Low-information voter Billie Mannheimer claimed in the letter “Perversion of democracy” (Jan. 31 and that state House Bill 94 will make Democrat votes worthless, equating one rural Republican voter to “thousands of Democrat votes in an Allegheny County congressional district.”

The bill would allocate presidential Electoral College votes based upon voter preferences within each congressional district, as is done in Nebraska and Maine. Each congressional district in every state represents an equal proportion of the state's population.

Pennsylvania has 18 congressional districts of about 646,000 people each. The most densely populated, the 1st Congressional District (646,355), covers part of Philadelphia. The least densely populated, the 5th Congressional District (646,397), covers all or parts of 17 counties in the north-central part of the state.

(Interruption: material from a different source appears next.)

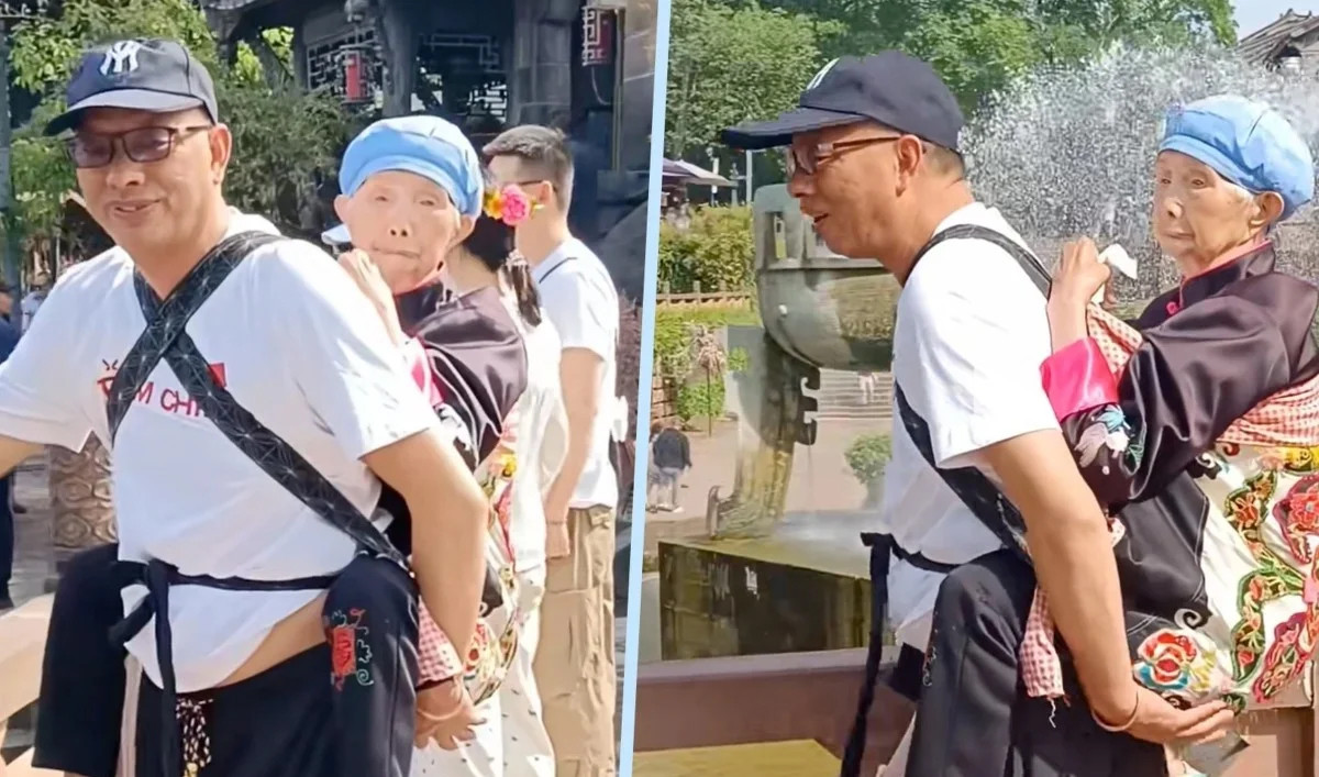 Đoạn video ghi lại cảnh ông Chai Wanbin (51 tuổi, sống tại huyện Huệ Đông, tỉnh Tứ Xuyên, Trung Quốc) sử dụng địu trẻ em truyền thống để địu người mẹ nhỏ nhắn của mình đi du lịch đang trở thành chủ đề bình luận trên mạng xã hội.

Urban voters would compete with other urban voters to select their presidential choice via their district's electoral vote. Rural voters would have no effect whatsoever outside their district. Not by the wildest stretch of the imagination would one rural Republican neutralize thousands of Democrats. And the choice of nearly half of Pennsylvania's voters would be represented, unlike in the current winner-take-all system.

Another benefit is to limit voter fraud to a district where it is practiced, as only that electoral vote and possibly the two statewide electoral votes would be affected.